* [Task inputs]:
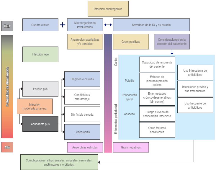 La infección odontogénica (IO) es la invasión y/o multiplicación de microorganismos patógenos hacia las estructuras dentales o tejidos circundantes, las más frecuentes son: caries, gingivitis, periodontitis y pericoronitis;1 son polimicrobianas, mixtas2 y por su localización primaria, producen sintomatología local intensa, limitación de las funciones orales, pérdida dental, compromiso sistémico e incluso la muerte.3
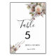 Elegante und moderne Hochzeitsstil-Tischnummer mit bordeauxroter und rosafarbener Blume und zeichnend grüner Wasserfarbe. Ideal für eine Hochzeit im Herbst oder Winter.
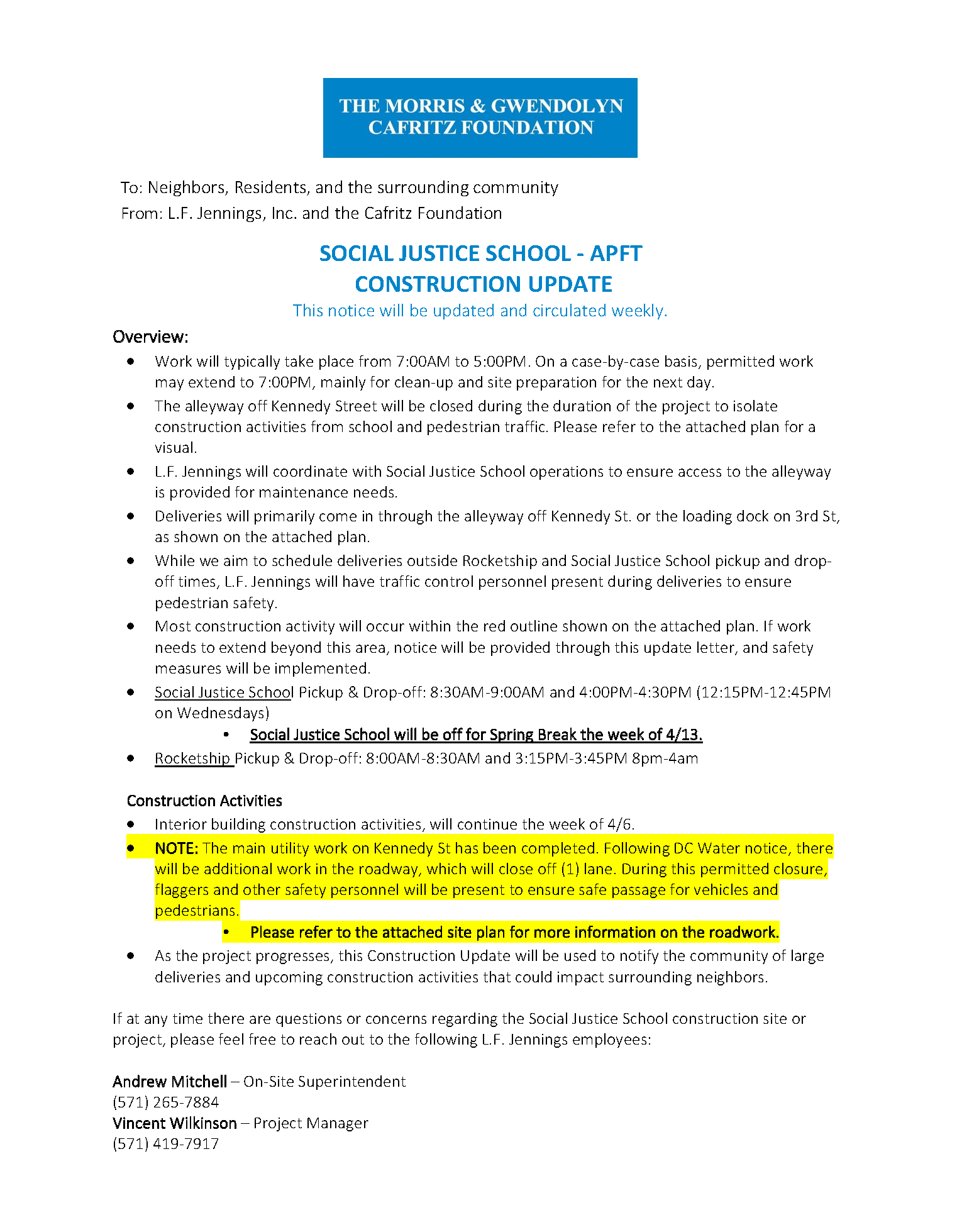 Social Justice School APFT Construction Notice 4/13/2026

* * *

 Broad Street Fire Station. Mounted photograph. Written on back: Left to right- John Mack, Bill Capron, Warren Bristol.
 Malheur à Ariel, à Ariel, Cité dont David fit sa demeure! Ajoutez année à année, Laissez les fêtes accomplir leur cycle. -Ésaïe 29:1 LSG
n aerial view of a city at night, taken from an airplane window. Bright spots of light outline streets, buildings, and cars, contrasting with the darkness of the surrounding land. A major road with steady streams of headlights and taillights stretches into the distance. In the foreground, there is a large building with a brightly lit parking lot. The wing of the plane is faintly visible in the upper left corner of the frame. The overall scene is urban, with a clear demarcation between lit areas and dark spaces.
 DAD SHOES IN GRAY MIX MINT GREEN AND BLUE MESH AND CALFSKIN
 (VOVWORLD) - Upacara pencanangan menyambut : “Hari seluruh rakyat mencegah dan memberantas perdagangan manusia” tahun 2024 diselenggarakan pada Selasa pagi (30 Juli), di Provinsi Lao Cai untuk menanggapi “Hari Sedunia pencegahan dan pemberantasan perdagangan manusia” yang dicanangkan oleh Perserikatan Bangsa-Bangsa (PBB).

* [Your assignment]: Your answer should consist solely of the lines above from the line with "Broad Street Fire" to the line with "Malheur à Ariel, à", both included, reproduced exactly.

* [Answer to the exercise]:
 Broad Street Fire Station. Mounted photograph. Written on back: Left to right- John Mack, Bill Capron, Warren Bristol.
 Malheur à Ariel, à Ariel, Cité dont David fit sa demeure! Ajoutez année à année, Laissez les fêtes accomplir leur cycle. -Ésaïe 29:1 LSG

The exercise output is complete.